YOUR TASK:
Below are some records. Return exactly the lines from the one with "In deze auto" to the one with "I have received", and nothing else.

RECORDS:
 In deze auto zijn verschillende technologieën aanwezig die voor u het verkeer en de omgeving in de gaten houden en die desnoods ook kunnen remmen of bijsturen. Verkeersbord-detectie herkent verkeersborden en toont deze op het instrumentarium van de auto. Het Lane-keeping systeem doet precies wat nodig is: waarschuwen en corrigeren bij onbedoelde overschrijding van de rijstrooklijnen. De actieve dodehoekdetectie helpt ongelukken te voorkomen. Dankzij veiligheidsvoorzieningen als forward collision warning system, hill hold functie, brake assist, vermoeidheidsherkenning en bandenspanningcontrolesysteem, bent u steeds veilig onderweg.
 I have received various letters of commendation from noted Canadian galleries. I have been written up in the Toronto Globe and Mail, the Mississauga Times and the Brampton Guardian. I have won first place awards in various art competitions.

---

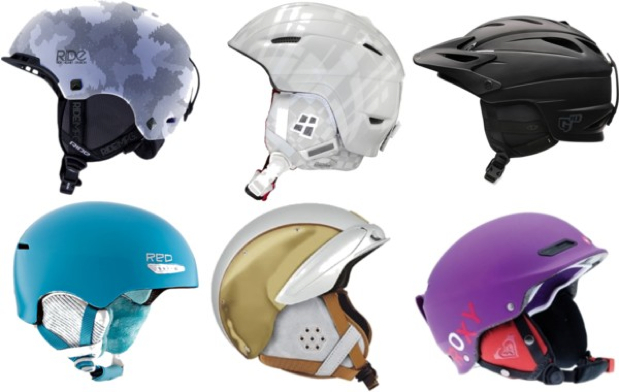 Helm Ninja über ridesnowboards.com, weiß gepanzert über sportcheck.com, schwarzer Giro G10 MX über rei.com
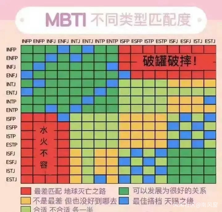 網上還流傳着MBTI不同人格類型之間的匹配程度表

TASK RESULT:
 In deze auto zijn verschillende technologieën aanwezig die voor u het verkeer en de omgeving in de gaten houden en die desnoods ook kunnen remmen of bijsturen. Verkeersbord-detectie herkent verkeersborden en toont deze op het instrumentarium van de auto. Het Lane-keeping systeem doet precies wat nodig is: waarschuwen en corrigeren bij onbedoelde overschrijding van de rijstrooklijnen. De actieve dodehoekdetectie helpt ongelukken te voorkomen. Dankzij veiligheidsvoorzieningen als forward collision warning system, hill hold functie, brake assist, vermoeidheidsherkenning en bandenspanningcontrolesysteem, bent u steeds veilig onderweg.
 I have received various letters of commendation from noted Canadian galleries. I have been written up in the Toronto Globe and Mail, the Mississauga Times and the Brampton Guardian. I have won first place awards in various art competitions.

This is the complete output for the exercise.